La ventilazione meccanica, pur salvando vite, comporta rischi. Le potenziali complicazioni includono polmonite (polmonite associata al ventilatore), collasso polmonare (pneumotorace), danni alla trachea, coaguli di sangue dovuti all’immobilità, piaghe da decubito, debolezza muscolare da riposo a letto prolungato ed effetti psicologici come ansia o delirio. I team medici prendono molte precauzioni per prevenire queste complicazioni, come elevare la testata del letto, girare regolarmente i pazienti, minimizzare la sedazione quando possibile e lavorare per rimuovere il tubo respiratorio il prima possibile in sicurezza.[3][8]

🎯 Punti chiave

  • La sofferenza respiratoria varia da difficoltà respiratoria lieve all’ARDS potenzialmente mortale, con intensità di trattamento adeguata alla gravità, dall’ossigeno semplice attraverso tubi nasali alle complesse macchine ECMO che respirano per i pazienti.
  • La ventilazione meccanica a basso volume corrente, che utilizza respiri più piccoli di circa 6 mL/kg di peso corporeo, è l’unica strategia dimostrata per migliorare la sopravvivenza nell’ARDS grave, evidenziando che a volte un supporto meno aggressivo protegge meglio i polmoni fragili.

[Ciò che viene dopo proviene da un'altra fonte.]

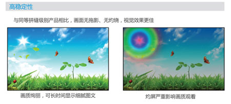 無縫液晶拼接最高可支持1920X1080分辨率的視頻源信號(hào),畫質(zhì)絢麗,可長(zhǎng)時(shí)間顯示細(xì)膩圖文。相對(duì)于同等級(jí)別拼縫的PDP拼接產(chǎn)品,無縫液晶低功耗的特點(diǎn),避免了面板溫度過高導(dǎo)致的灼屏現(xiàn)象,保障了用戶的觀看效果。

  • I bambini prematuri faticano a respirare perché i loro polmoni non hanno ancora prodotto abbastanza surfattante, il rivestimento scivoloso che impedisce ai sacchi d’aria di collassare, ma somministrare il surfattante come medicina ha drasticamente migliorato la sopravvivenza neonatale.
  • Semplicemente girare i pazienti con ARDS grave a faccia in giù (posizionamento prono) migliora significativamente i livelli di ossigeno e la sopravvivenza: un intervento straordinariamente efficace che richiede coordinamento attento ma può salvare vite.
  • Circa 200.000 americani sviluppano ARDS ogni anno, con il 60-75% che sopravvive alla malattia acuta, sebbene il recupero spesso comporti settimane o mesi di riabilitazione per recuperare forza fisica e funzione polmonare.
  • L’ARDS non è in realtà una malattia uniforme ma una sindrome scatenata da varie cause come sepsi, polmonite, traumi o COVID-19: i ricercatori stanno lavorando per identificare sottotipi distinti che potrebbero rispondere diversamente a trattamenti personalizzati.
  • La gestione conservativa dei liquidi, limitando attentamente i liquidi per via endovenosa per evitare il sovraccarico, aiuta i pazienti con ARDS a riprendersi più velocemente perché i liquidi in eccesso peggiorano il danno polmonare riversandosi nei sacchi d’aria già danneggiati.
  • Gli studi clinici continuano a testare approcci innovativi come modalità alternative di ventilazione e modi per personalizzare le impostazioni per i singoli pazienti, offrendo speranza per trattamenti migliori mentre le cure standard attuali salvano molte vite oggi.